A short introduction to Istio
You can safely skip this part if you already have experience with Istio. I will also only focus on the parts relevant to this blog article, for a more comprehensive overview of Istio refer to the official documentation.
Istio is a Service Mesh, meaning that it solves common application features related to networking outside the application code. Istio does that by adding a sidecar proxy to each instance of an application, usually a Kubernetes pod, and orchestrating these proxies from a central control plane.
This allows Istio, among other things, to transparently encrypt all traffic with mTLS and apply authorization policies to all services centrally.

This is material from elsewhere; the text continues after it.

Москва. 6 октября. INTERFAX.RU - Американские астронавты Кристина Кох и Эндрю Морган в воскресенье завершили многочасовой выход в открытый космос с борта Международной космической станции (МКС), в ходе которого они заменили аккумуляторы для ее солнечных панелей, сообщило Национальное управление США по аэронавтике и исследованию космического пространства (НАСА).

Instead of Ingress, Istio uses Gateways to serve as an entrypoint into the mesh where different ways of authentication can be used.

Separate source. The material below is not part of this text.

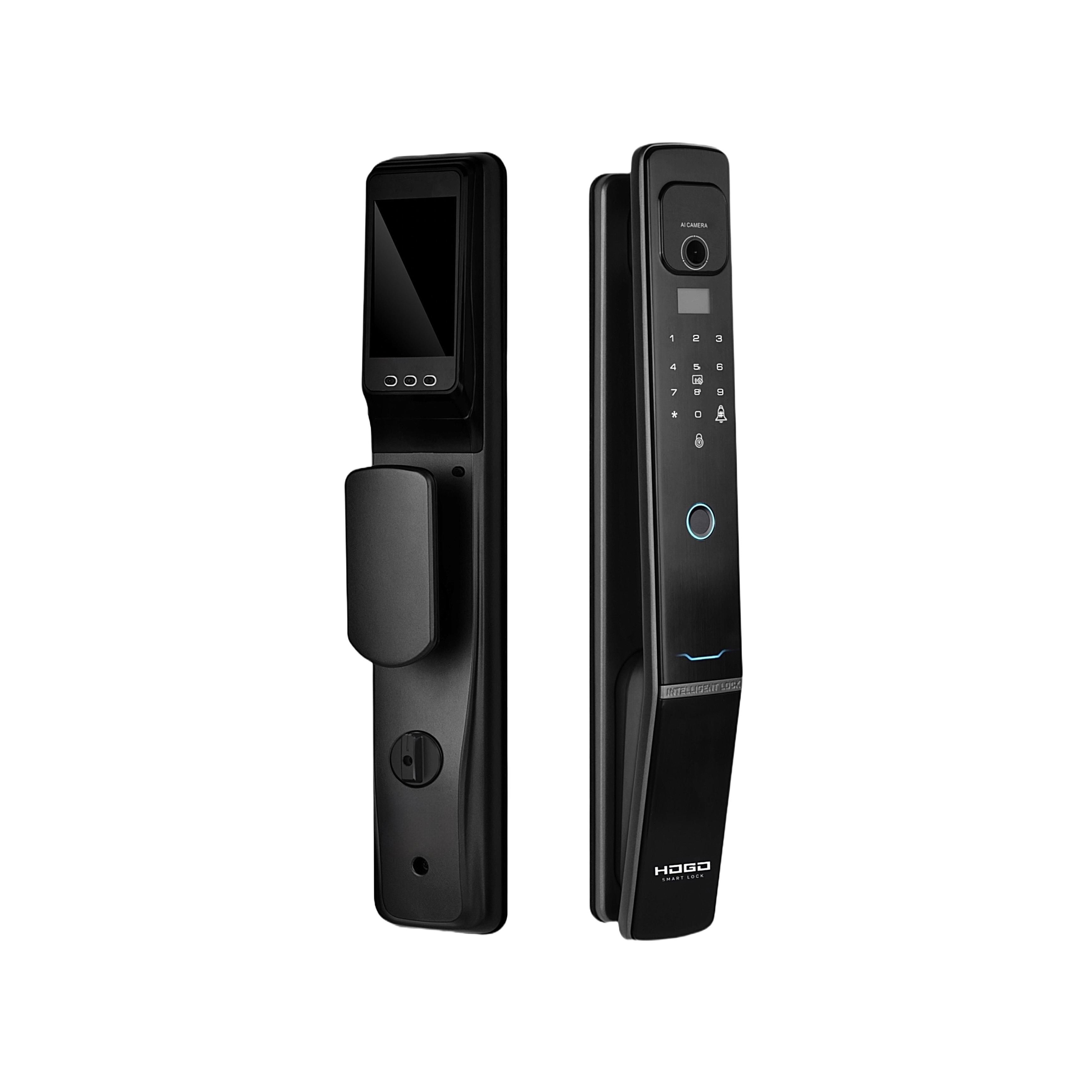 Замок врезной электронный Hogo V05 с функцией видеодомофона подходит практически для всех видов дверей, как для входных, так и для межкомнатных правого и левого открывания. Корпус замка выполнен из особо прочного пластика, сам замок выполнена из стали. Может комплектоваться различными врезными замками с межосевым расстоянием 85 мм. Способы открытия: отпечаток пальца, сканер лица (Face ID), цифровой пароль, IC карта, механический ключ, приложение через смартфон. Имеет современный минималистичный дизайн и самые продвинутые технологии.

Other features that are not relevant to this article (but still cool!) are advanced traffic management features, such as canary releases or support for the circuit breaker pattern.
User authentication with Istio
At first, my motivation for this blog entry was out of curiosity. The Istio security documentation describes a feature called Request authentication:
“Used for end-user authentication to verify the credential attached to the request. Istio enables request-level authentication with JSON Web Token (JWT) validation and a streamlined developer experience using a custom authentication provider or any OpenID Connect providers […].“
In my mind, that sounded like authentication would just be a simple switch that needs to be flipped with some Istio Custom Resource, as I have often experienced with Istio.
The technical details with precise instructions can be found in my demo repository on GitHub.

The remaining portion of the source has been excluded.